1 Kentucky Rules of Civil Procedure.

-4- In any cause of action based on negligence, a plaintiff bears the

burden of establishing a duty on the part of a defendant, breach of that duty, and a

causal connection between the breach of the duty and an injury suffered by the

plaintiff. Mullins v. Commonwealth Life Insurance Co., 839 S.W.2d 245, 247 (Ky.

1992). Duty presents a question of law, while breach and injury are fact questions

for a jury to decide. Causation is a mixed question of fact and law. Pathways, Inc.

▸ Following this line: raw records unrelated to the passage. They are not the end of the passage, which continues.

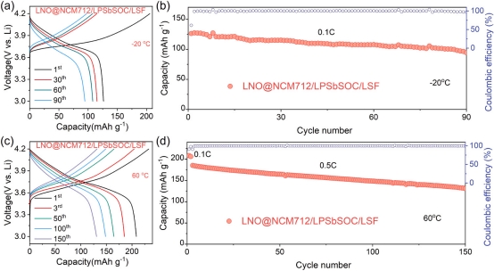 基于此,西安电子科技大学李思吾副教授与华中科技大学杨辉教授、余创教授合作,创新性地提出“复合阳极+功能电解质”的双重保护策略,构建了具有高锂亲和力与高界面能的Janus界面。一方面,作者通过熔融锂金属与SnF₂反应,形成由Li、Li₂₂Sn₅合金和LiF组成的复合结构。其中,Li₂₂Sn₅合金构建快速电子/离子传导网络,优化锂离子体相扩散;LiF凭借高界面能延缓锂枝晶生长,起到“疏通”锂离子分布的作用。另一方面,作者在Li₅.₅PS₄.₅Cl₁.₅硫化物电解质中引入Sb和O元素,使其与锂金属接触时原位生成Li-Sb合金界面。该界面不仅加速锂离子迁移,还能在高电流密度下主动消耗穿透的锂枝晶,形成稳定阻挡层,发挥“阻断”功能。实验结果显示,采用双重修饰策略的对称电池在0.5 mA/cm²下稳定循环1400小时,过电位仅从10 mV缓慢增至29 mV;临界电流密度(CCD)高达5.2 mA/cm²,远超单一修饰策略(1.8-3.5 mA/cm²)。全电池测试中,基于LiNi₀.₇Co₀.₁Mn₀.₂O₂正极的ASSLMB在0.5C倍率下循环700次后容量保持率达70%,且在-20°C至60°C宽温域内表现优异,高温(60°C)循环150次容量保持90%,低温(-20°C)循环90次仍保有80%容量。
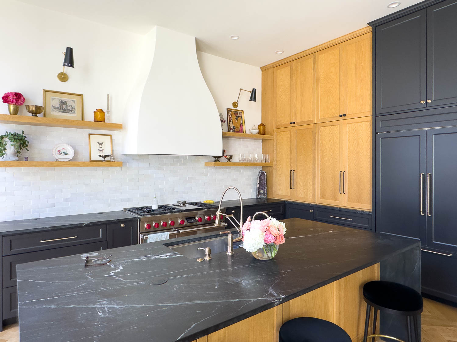 The scale is just as unforgettable: a 1,200-square-foot primary suite and a closet so expansive it’s the largest room in the home. Every piece is intentional—custom creations, Round Top finds, estate treasures, Facebook Marketplace gems, and local Austin art.
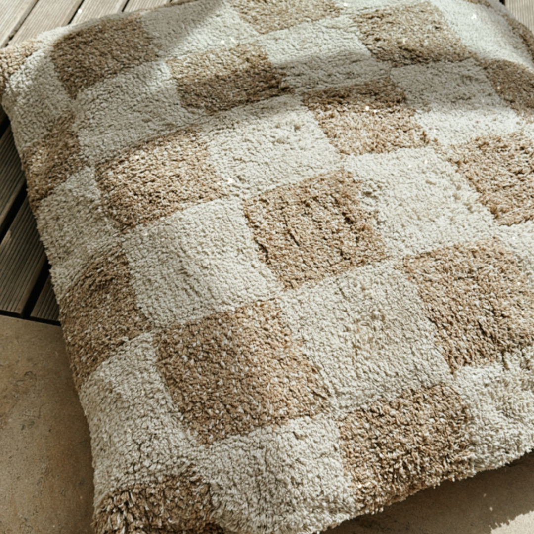 Home & Style Coussin à carreaux 80x80cm - Beige
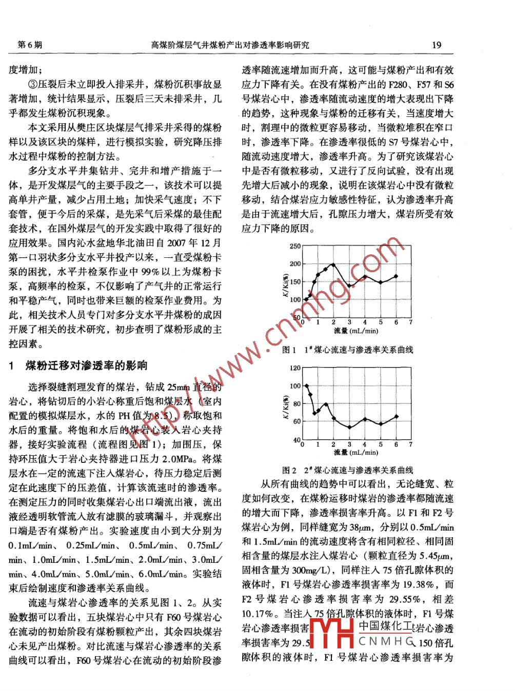 第8卷第6期中國煤層氣Vol. 8 No 60ll年12月CHINA COALBED METHANEDecember 2011高煤階煤層氣井煤粉產(chǎn)出對滲透率影響研究白建梅孫玉英李薇崔金榜周燦華北油田公司采油工藝研究院,河北062552)摘要:高煤階煤層氣井在鉆井、開采過程中由于機械碰撞、氣液沖刷、壓力波動等外力作用不可避免的會產(chǎn)生煤粉,煤粉的產(chǎn)出一方面有利于形成氣液產(chǎn)出通道,但另一方面如果過快、過多的產(chǎn)出使氣水流動出現(xiàn)障礙,引起產(chǎn)氣量下降,同時頻繁的檢泵作業(yè)導(dǎo)致氣井的解吸-吸附過程交錯進行,嚴重影響了氣井的正常生產(chǎn);本文通過煤粉產(chǎn)出與滲透率的關(guān)系、排采速度對煤粉產(chǎn)出的影響等室內(nèi)模擬實驗,論證了高煤階煤層氣井煤粉產(chǎn)出控制的重要性。關(guān)鍵詞:高煤階煤粉產(chǎn)出控制Study of the Impact of Coal Dust Yield on Permeability Rate in HighRank CBm WellBai Jianmei, Sun Yuying, Li Wei, Cui Jinpang, Zhou CanPetroleum Recovery Technology Research Institute, North China Oil field Company, Hebei 062552)Abstract: High rank of CBM well will inevitably produce coal dusts in the process of well boring, gas extrac-tion due to external forces, like mechanical collision, gas and fluid flushing, fluctuation of pressure, etc. Ocurrence of cuttings on one hand, is favorable to formation of passages for the yielded gas and fluid, one theother hand, too many dusts become obstacles to gas and water flow, resulting in drop of production, and alternate desorption and absorption due to frequent repair of pump. All these affected seriously normal operation ofgas well. The paper discusses the importance of controlling formation of fine coal in high rank CBM well, bymaking laboratory tests to understand the relationship between yield of coal dusts and permeability rate as wellas the influence of gas extraction rate on yield of coal fines, etcKeywords: High coal rank; yield of coal dusts; control煤巖是一種抗壓和抗拉強度較低的脆弱介質(zhì),驗,煤粉產(chǎn)出呈現(xiàn)出一些基本規(guī)律在鉆井、開采過程中煤巖由于受到較大的壓力波①動液面初次降至煤層附近時,可能出現(xiàn)一個動、水力沖擊震動,液柱的機械碰撞等外力作用容煤粉相對高發(fā)期,統(tǒng)計結(jié)果顯示,該階段煤粉爆發(fā)易使煤巖結(jié)構(gòu)破壞,可能導(dǎo)致井壁坍塌,堵塞煤巖的幾率較排采的其他時間段高出50%以上;裂縫等不利煤層氣開采的后果。②煤粉產(chǎn)出與降液速率密切相關(guān).排液工作制根據(jù)沁水盆地南部樊莊區(qū)塊煤層氣排采實踐經(jīng)度過強』V凵中國煤化工煤粉產(chǎn)出幾率大幅CNMHG基金項目“國家科技重大專項項目”資助。作者簡介白建梅,高級工程師,200年獲中國石油大學(xué)(華東)油氣田工程碩士學(xué)位,現(xiàn)主要從事煤層氣開采發(fā)研究工作。第6期高煤階煤層氣井煤粉產(chǎn)出對滲透率影響研究度增加;透率隨流速增加而升高,這可能與煤粉產(chǎn)出和有效③壓裂后未立即投入排采井,煤粉沉積事故顯應(yīng)力下降有關(guān)。在沒有煤粉產(chǎn)出的F280、F57和S6著增加,統(tǒng)計結(jié)果顯示,壓裂后三天未排采井,幾號煤巖心中,滲透率隨流動速度的增大表現(xiàn)出下降乎都發(fā)生煤粉沉積現(xiàn)象。的趨勢,這種現(xiàn)象與煤粉的遷移有關(guān),當速度增大本文釆用從樊莊區(qū)塊煤層氣排采井采得的煤粉時,割理中的微粒更容易移動,當微粒堆積在窄口樣以及該區(qū)塊的煤樣,進行模擬實驗,研究降壓排時,滲透率下降。在滲透率很低的S7號煤巖心中,水過程中煤粉的控制方法。隨流動速度增大,滲透率升高。為了研究該煤巖心多分支水平井集鉆井、完井和增產(chǎn)措施于一中是否有微粒移動,又進行了反向試驗,沒有出現(xiàn)體,是開發(fā)煤層氣的主要手段之一,該技術(shù)可以提先增大后減小的現(xiàn)象,說明在該煤巖心中沒有微粒高單井產(chǎn)量,減少占用土地;加快采氣速度;不下移動,結(jié)合煤巖應(yīng)力敏感性特征,認為滲透率升高套管,便于今后的采煤,是先采氣后采煤的最佳配是由于流速增大后,孔隙壓力增大,煤巖所受有效套技術(shù),在國外煤層氣的開發(fā)實踐中取得了很好的應(yīng)力下降的原因。應(yīng)用效果。國內(nèi)沁水盆地華北油田自2007年12月第一口羽狀多分支水平井投產(chǎn)以來,一直受煤粉卡200泵的困擾,水平井檢泵作業(yè)中99%以上為煤粉卡泵,高頻率的檢泵,不僅影響了產(chǎn)氣井的正常運行和平穩(wěn)產(chǎn)氣,同時也帶來巨額的檢泵作業(yè)費用。為100此,相關(guān)技術(shù)人員專門對多分支水平井煤粉的成因開展了相關(guān)的技術(shù)研究,初步查明了煤粉形成的主流量(mL/min)控因素。圖11煤心流速與滲透率關(guān)系曲線1煤粉遷移對滲透率的影響選擇裂縫割理發(fā)育的煤巖,鉆成25mm直徑的100巖心,將鉆切后的小巖心稱重后飽和煤層水(室內(nèi)配置的模擬煤層水,水的PH值為8.5),稱取飽和水后的重量。將飽和水后的煤巖心裝入巖心夾持器,接好實驗流程(流程圖見圖1);加圍壓,保1持環(huán)壓值大于巖心夾持器進口壓力20MPa。將煤流量(mL/min)層水在一定的流速下注入煤巖心,待壓力穩(wěn)定后測圖22*煤心流速與滲透率關(guān)系曲線定在此速度下的壓差值,計算該流速時的滲透率。從所有曲線的趨勢中可以看出,無論縫寬、粒在測定壓力的同時收集煤巖心出口端流出液,流出度如何改變

v. Hammons, 113 S.W.3d 85, 88-89 (Ky. 2003). “If no duty is owed by the

defendant to the plaintiff, there can be no breach thereof, and therefore no

actionable negligence.” Ashcraft v. Peoples Liberty Bank & Trust Co., Inc.,724

S.W.2d 228, 229 (Ky. App. 1986).

While the basic law regarding negligence requires the existence of a

duty, the law regarding premises liability supplies the nature and scope of that

duty. Lewis v. B & R Corporation, 56 S.W.3d 432 (Ky. App. 2001). Generally

speaking, a possessor of land owes a duty to an invitee2 to discover unreasonably

dangerous conditions on the land and either eliminate or warn of them. See Dick’s

2 A person is an invitee if: (1) she enters by invitation, express or implied; (2) her entry is connected to the owner’s business or an activity the owner conducts or permits to be conducted on his land; and (3) there is mutuality of benefit to the owner. West v. KKI, L.L.C., 300 S.W.3d 184, 190 (Ky. App. 2008) (citing Johnson v. Lone Star Steakhouse & Saloon of Kentucky, Inc., 997 S.W.2d 490, 491-92 (Ky. App. 1999)).